The general government debt to GDP ratio (ESA2010) represented 37.6% at the end of 2016, remaining relatively low among the countries rated in the BBB range by JCR. The new government is committed to maintaining the fiscal deficit below 3% of GDP from 2017 onward. However, some tax cuts and increases of public sector wages and pensions decided by the new government have been implemented in 2017 in addition to the further cut of the VAT rate and the elimination of the construction tax approved by the previous government. Without adjustment measures, the deficit will likely exceed 3% of GDP.
Nevertheless, JCR expects that fiscal discipline will work to curb the
deficit in the medium-term considering a possible initiation of the excessive deficit procedures by the European Commission. Romania has significant room to improve tax collection by enhancing
tax compliance and reducing tax evasion.

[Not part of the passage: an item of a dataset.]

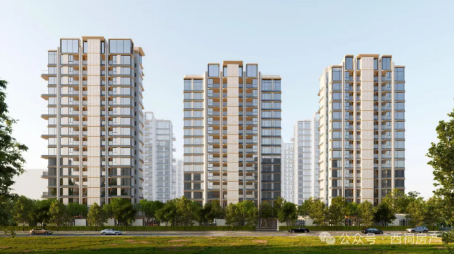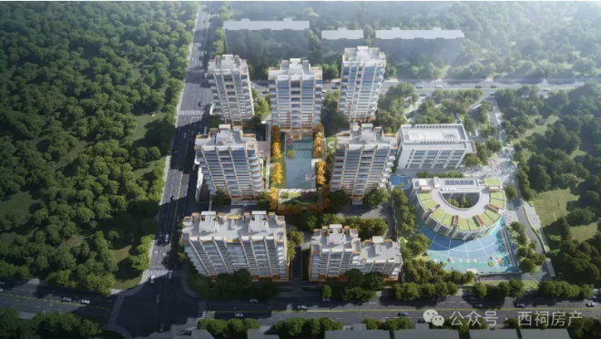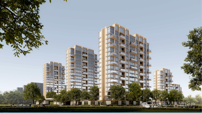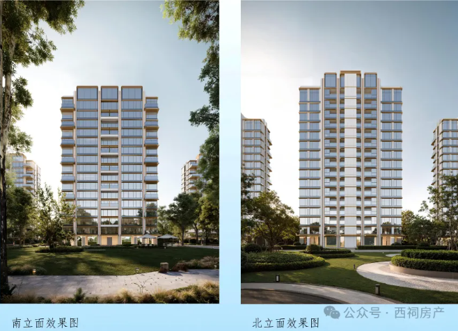 整个楼栋成围合式布局,中间留有大面积景观设计,包括下沉庭院、超大绿地等。
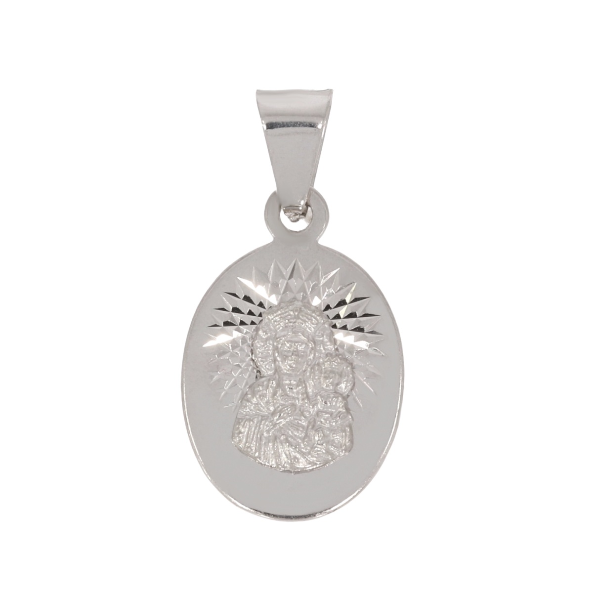 Srebrny medalik z wizerunkiem Matki Bożej Częstochowskiej z Dzieciątkiem Jezus to biżuteria o głębokim znaczeniu religijnym i duchowym. Inspiracją jest cudowny obraz z Jasnej Góry- jeden z najważniejszych symboli wiary w Polsce. Wizerunek Maryi tulącej Dzieciątko przypomina o miłości, opiece oraz nieustannej obecności Boga w codziennym życiu.

In this regard, the government looks set to take measures in an attempt to increase tax revenues.
(4) The country’s financial system has been in the process of improving with advancing disposal of nonperforming loans by banks. The nonperforming loan ratio (based on EBA definition) of the banking sector further declined to 9.5% at the end of 2016 from 13.5% a year earlier, a major improvement from above 20% in 2014. Banks’ profitability has also turned positive on lower credit
costs.
The debt discharge law, which enables a discharge of mortgage backed debts owed by individuals regardless of their ability to pay, came into force in May 2016. However, a risk of banks incurring huge losses was avoided following the Constitutional Court’s subsequent ruling which
substantially narrows the scope of its application. Loans to the private sector have been continuing to recover, albeit slowly, led by lei-denominated loans especially housing loans. Loans
denominated in foreign currency have steadily decreased, accounting for around 40% of the total loan portfolio, down from the peak of over 60% in 2012. This has helped reduce the foreign currency risks of the banking, corporate and household sectors.

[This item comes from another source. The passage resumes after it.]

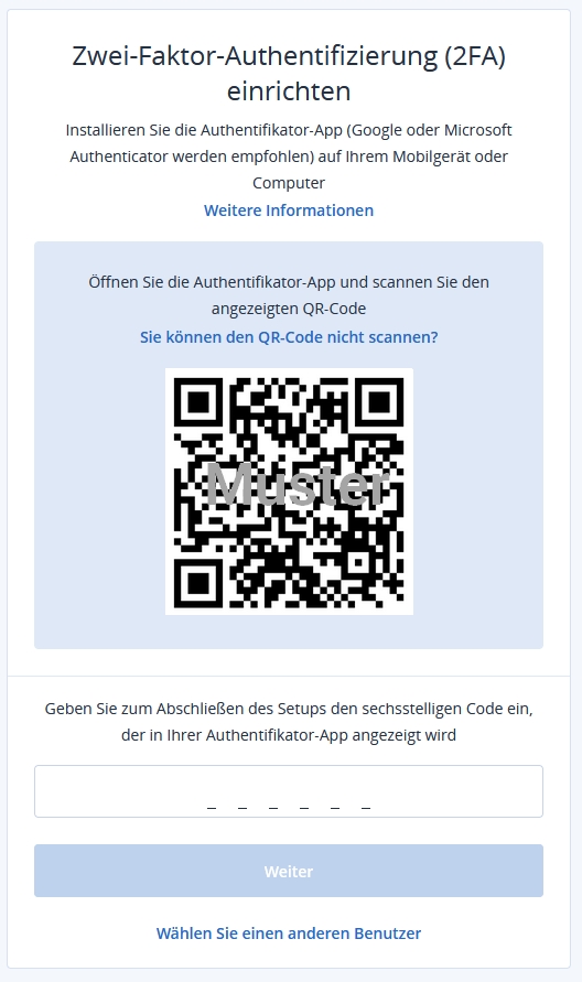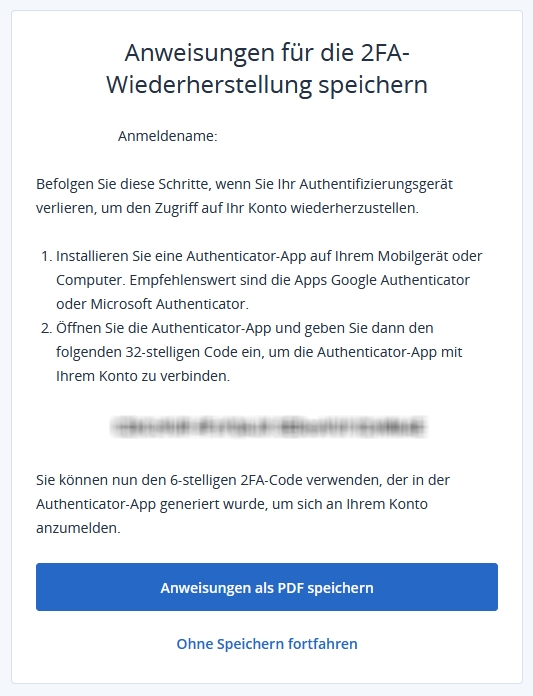 Important: it is strongly recommended that you save the instructions for the 2FA recovery. During setup, you have the option of saving them locally as a PDF. Alternatively, you can also print out the QR code or take a screenshot and save it.

(5) The current account deficit has been widening amid the growth of domestic demand. Nevertheless, at 2.4% of GDP in 2016 (1.2% in 2015), it remains substantially low compared with the levels
before 2008, supported not only by growing exports of manufactured goods such as automobiles but also by an increasing services account surplus. Romania seems to face no difficulties with external financing as stable capital inflows through direct investment and the EU funds have been adequately covering the current account deficit. It has also made a steady progress in repaying loans to the IMF and the EU. Its external debt has been declining both in terms of GDP and goods
and services exports due mainly to the banking sector’s reduced external borrowing.
As of the end of 2016, the external debt stood at 54.7% of GDP and 132.7% of goods and services exports, down from their peaks of 75% at the end of 2012 and 253% at the end of 2009."